What on earth are Granger and Ramjattan and their merry men and women waiting for before they ‘get on their bikes’ and start moving around this country, taking the pulse of the people, finding out what their concerns are and start representing those concerns to the people like self-respecting opposition political parties should? Look Gentlemen, this is no fancy dress parade, you know! The political space that you occupy courtesy of the votes of the majority of the Guyanese people is not some kind of public catwalk. So stop strutting your stuff like high-priced models and get on with it. Get the campaign cobwebs out of your heads, set aside such dreams as you may have dreamed about seeing the inside of the Cabinet room at OP and get on with the business of being a REAL OPPOSITION.
BE ON NOTICE that the Guyanese people are going to be looking for much more than high-browed speeches crafted by your PR experts and delivered in oratorical styles designed to attract the applause of the House. It’s the PEOPLE’S PARLIAMENT! Remember? So LETS TAKE THE PARLIAMENT TO THE PEOPLE! Glue us to our radios and our TV’s with combative settings of the National Assembly. PUT THE OTHER SIDE ON THE BACK FOOT FOR A CHANGE! Remember they have grown used to playing FRONT FOOT CRICKET. So ‘bless dem up’ with some good, short-pitched bowling al la Andy Roberts from time to time. As the English cricket commentators love to say: KEEP THEM HONEST!

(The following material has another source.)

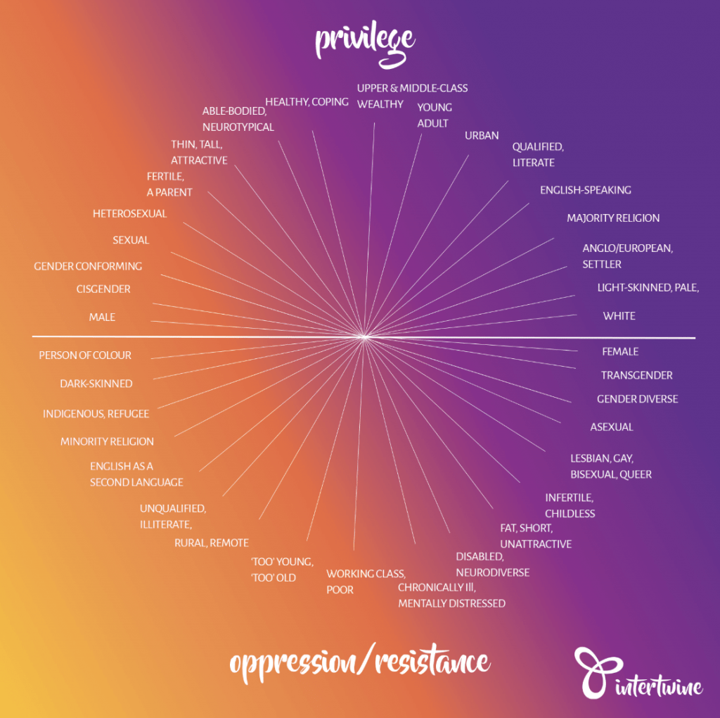 A commonly employed DEI framework for understanding American society and personal identity is the “oppressed vs. oppressor” dichotomy. In this paradigm, students are taught to divide people (and aspects of people’s identities) into one of two categories: they are either “oppressed” (or “resistors”) or they are “oppressors” (or more often bearers of “privilege” or agents of “domination”). See figures 1 and 2.

LISTEN UP David and Khemraj! This business of TAKING PARLIAMENT TO THE PEOPLE is deadly serious business. You know as well as we do that for the longest while the people of this country have treated the National Assembly as though it were A SEPARATE REPUBLIC. Well here’s your chance to close down THE INDEPENDENT REPUBLIC OF THE NATIONAL ASSEMBLY! Here’s your chance to ensure that the chairs in the House cease to be recliners for MP’s LIKE Sam Hinds and Clement Rohee to nod off for hours and to be awakened from their slumber at the end of long boring debates just to vote Bills into law. Give us an undertaking that The SLEEPERS WILL SLEEP NO MORE. Give us an undertaking that there will be DING DONG TUSSLES in the National Assembly and that the vacuous, half-baked presentations by the peripheral MP’s will come to an end. Let’s have cogent, well thought out arguments and let the better arguments prevail for a change.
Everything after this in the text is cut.